South Korea’s low cost carriers have been opening more domestic routes to prepare for the upcoming summer holiday season, but the profitability of operating such routes remains questionable due to fierce competition over price, industry sources said Sunday.
After the latest COVID-19 outbreak, budget carriers have been focusing on expanding more domestic routes as part of an effort to secure liquidity in the short run.
Market data showed that the combined cashable assets of four listed LCCs –- Jeju Air, Jin Air, T’way Air, Air Busan -- came at 363.8 billion won ($302 million) in the first quarter, a 61.8 percent drop on-year.
Jeju Air has recently added more flights to the Gwangju-Jeju route and has also extended the non-regular Gimpo-Gwangju route to four times a week.
Jin Air opened a Gimpo-Yeosu route on June 19.
T’way Air, which until last year only had three routes connecting Gimpo, Gwangju and Daegu to Jeju until, recently launched routes between Gimpo and Busan, and Cheongju and Jeju. Last Friday, the air carrier opened Gimpo-Gwangju, Gwangju-Yangyang, Busan-Yangyang routes.

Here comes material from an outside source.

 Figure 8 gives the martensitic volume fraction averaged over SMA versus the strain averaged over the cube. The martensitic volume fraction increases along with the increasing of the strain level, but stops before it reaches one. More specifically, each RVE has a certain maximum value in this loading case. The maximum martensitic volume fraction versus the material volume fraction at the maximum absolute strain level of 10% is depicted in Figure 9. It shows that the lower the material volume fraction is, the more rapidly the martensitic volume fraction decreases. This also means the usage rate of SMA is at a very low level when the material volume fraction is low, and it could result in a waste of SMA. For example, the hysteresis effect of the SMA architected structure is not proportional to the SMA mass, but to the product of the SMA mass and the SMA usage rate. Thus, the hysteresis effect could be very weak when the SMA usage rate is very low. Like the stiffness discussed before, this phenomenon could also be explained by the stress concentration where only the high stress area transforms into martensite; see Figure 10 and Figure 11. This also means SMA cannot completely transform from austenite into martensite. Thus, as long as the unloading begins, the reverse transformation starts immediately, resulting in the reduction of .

As more tickets become available, LCCs have been releasing them at the lowest price possible, with some of them even cheaper than the cost of a round-trip train ticket.

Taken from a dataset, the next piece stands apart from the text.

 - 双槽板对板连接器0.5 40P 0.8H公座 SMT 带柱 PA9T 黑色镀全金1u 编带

Last week, T’way sold a ticket connecting Gimpo to Jeju for just 4,000 won, excluding the airport fee. It has been promoting an event selling tickets for domestic destinations that depart before August 31, for 9,900 won.
Amid budget carriers’ plan to recover sales by opening more domestic routes as service to overseas destinations remain restricted, industry experts said the heated competition for domestic route operation could cause negative results.
“There is a fierce competition among LCCs over releasing cheaper domestic route tickets, which does not help the air carriers’ sales which have been severely damaged by the latest virus outbreak,” said an industry insider.
Other experts said that there are also limits to how much an air carrier can profit through only the operation of domestic routes, without knowing when exactly global aviation demand will recover to the previous level.
As of Saturday, a total of 179 countries have restricted or banned entry of visitors departing from South Korea over virus spread concerns, according to the Ministry of Foreign Affairs.